START RECORDS FOR THIS TASK
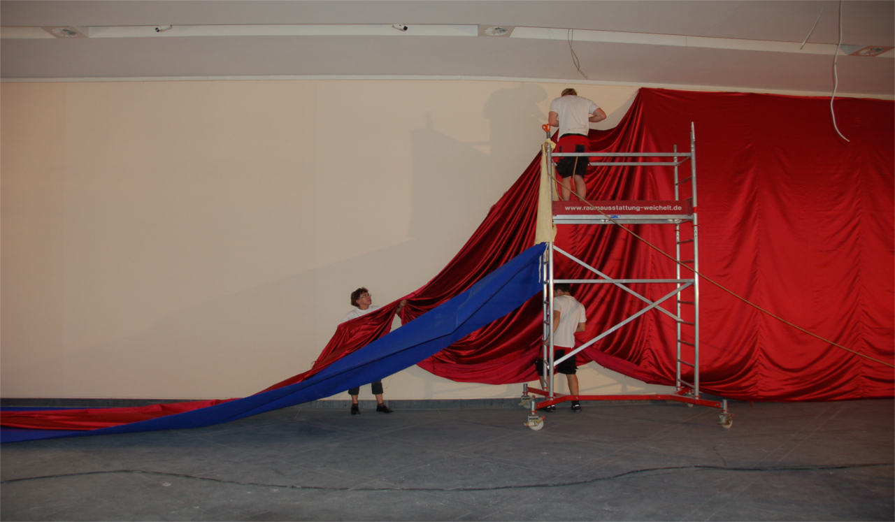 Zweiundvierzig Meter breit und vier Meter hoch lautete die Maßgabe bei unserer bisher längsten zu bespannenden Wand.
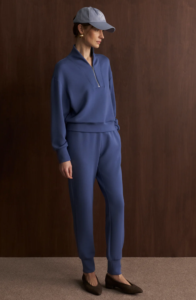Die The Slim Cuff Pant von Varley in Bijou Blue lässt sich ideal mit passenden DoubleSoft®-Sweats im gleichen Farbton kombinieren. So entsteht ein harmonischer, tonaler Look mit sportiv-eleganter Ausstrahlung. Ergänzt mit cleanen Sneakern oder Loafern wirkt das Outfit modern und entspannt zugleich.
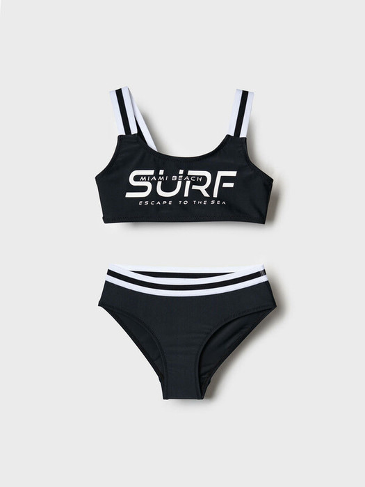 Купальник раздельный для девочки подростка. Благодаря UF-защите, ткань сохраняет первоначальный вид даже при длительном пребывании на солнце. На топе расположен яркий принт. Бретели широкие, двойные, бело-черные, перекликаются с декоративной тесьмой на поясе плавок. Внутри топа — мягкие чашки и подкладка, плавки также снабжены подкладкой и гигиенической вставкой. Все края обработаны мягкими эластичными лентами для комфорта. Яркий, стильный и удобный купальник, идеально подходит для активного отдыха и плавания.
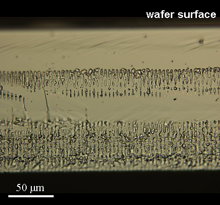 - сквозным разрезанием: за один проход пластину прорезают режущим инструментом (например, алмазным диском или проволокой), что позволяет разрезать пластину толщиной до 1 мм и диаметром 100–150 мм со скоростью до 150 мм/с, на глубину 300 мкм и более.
END RECORDS FOR THIS TASK
START RECORDS FOR THIS TASK
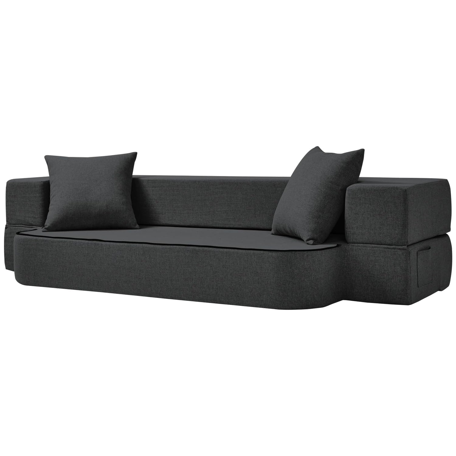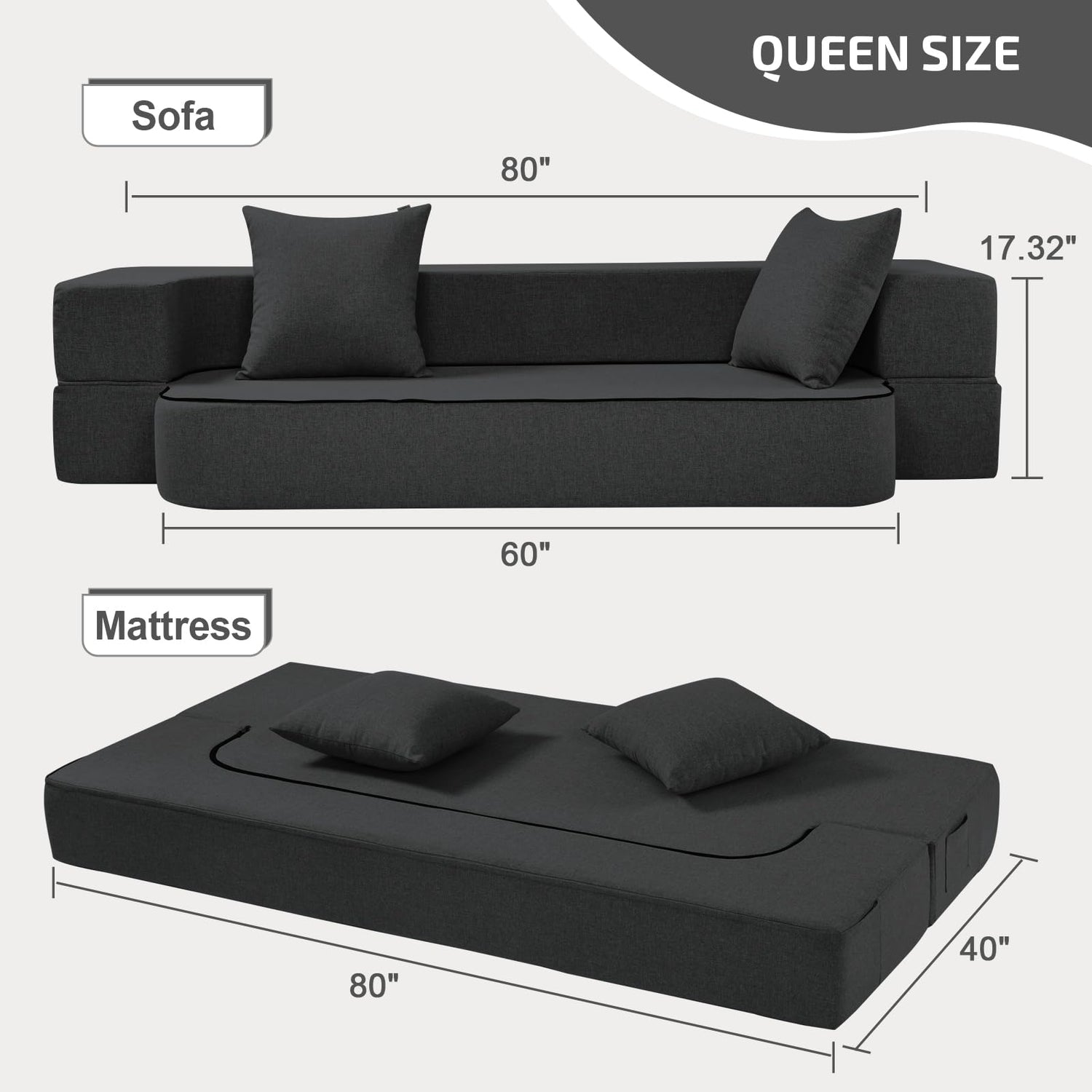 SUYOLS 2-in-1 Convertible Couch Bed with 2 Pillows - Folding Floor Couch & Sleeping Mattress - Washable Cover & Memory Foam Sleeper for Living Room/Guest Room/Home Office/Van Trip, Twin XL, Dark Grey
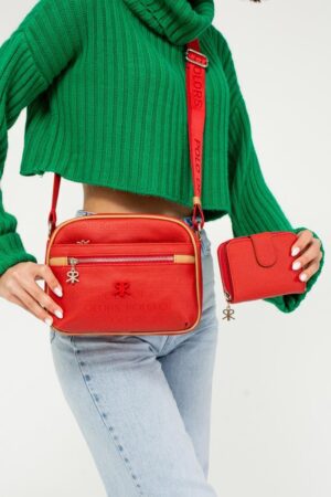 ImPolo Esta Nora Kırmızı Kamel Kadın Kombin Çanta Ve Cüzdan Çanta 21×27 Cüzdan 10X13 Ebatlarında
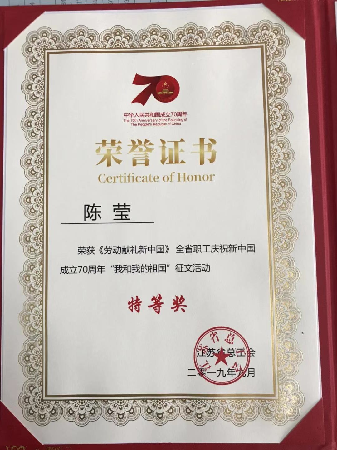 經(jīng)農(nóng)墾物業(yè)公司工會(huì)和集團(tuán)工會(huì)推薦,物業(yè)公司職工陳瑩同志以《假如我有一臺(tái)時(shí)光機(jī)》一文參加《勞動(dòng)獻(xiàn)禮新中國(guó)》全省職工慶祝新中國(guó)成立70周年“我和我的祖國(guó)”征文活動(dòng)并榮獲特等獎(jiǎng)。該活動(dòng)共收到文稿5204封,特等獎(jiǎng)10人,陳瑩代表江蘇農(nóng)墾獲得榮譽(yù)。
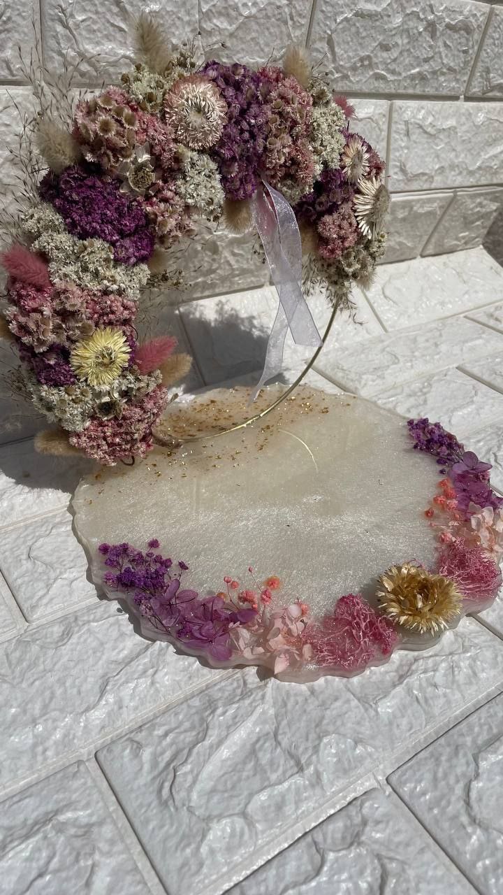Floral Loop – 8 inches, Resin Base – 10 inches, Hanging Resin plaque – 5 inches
END RECORDS FOR THIS TASK
-- GOAL OF THE EXERCISE --
In the material above, which lines fall between the one holding "Zweiundvierzig Meter breit" and the one holding "- сквозным разрезанием: за", inclusive? Print exactly those, with the pictures left out.

-- YOUR SOLUTION --
 Zweiundvierzig Meter breit und vier Meter hoch lautete die Maßgabe bei unserer bisher längsten zu bespannenden Wand.
Die The Slim Cuff Pant von Varley in Bijou Blue lässt sich ideal mit passenden DoubleSoft®-Sweats im gleichen Farbton kombinieren. So entsteht ein harmonischer, tonaler Look mit sportiv-eleganter Ausstrahlung. Ergänzt mit cleanen Sneakern oder Loafern wirkt das Outfit modern und entspannt zugleich.
 Купальник раздельный для девочки подростка. Благодаря UF-защите, ткань сохраняет первоначальный вид даже при длительном пребывании на солнце. На топе расположен яркий принт. Бретели широкие, двойные, бело-черные, перекликаются с декоративной тесьмой на поясе плавок. Внутри топа — мягкие чашки и подкладка, плавки также снабжены подкладкой и гигиенической вставкой. Все края обработаны мягкими эластичными лентами для комфорта. Яркий, стильный и удобный купальник, идеально подходит для активного отдыха и плавания.
 - сквозным разрезанием: за один проход пластину прорезают режущим инструментом (например, алмазным диском или проволокой), что позволяет разрезать пластину толщиной до 1 мм и диаметром 100–150 мм со скоростью до 150 мм/с, на глубину 300 мкм и более.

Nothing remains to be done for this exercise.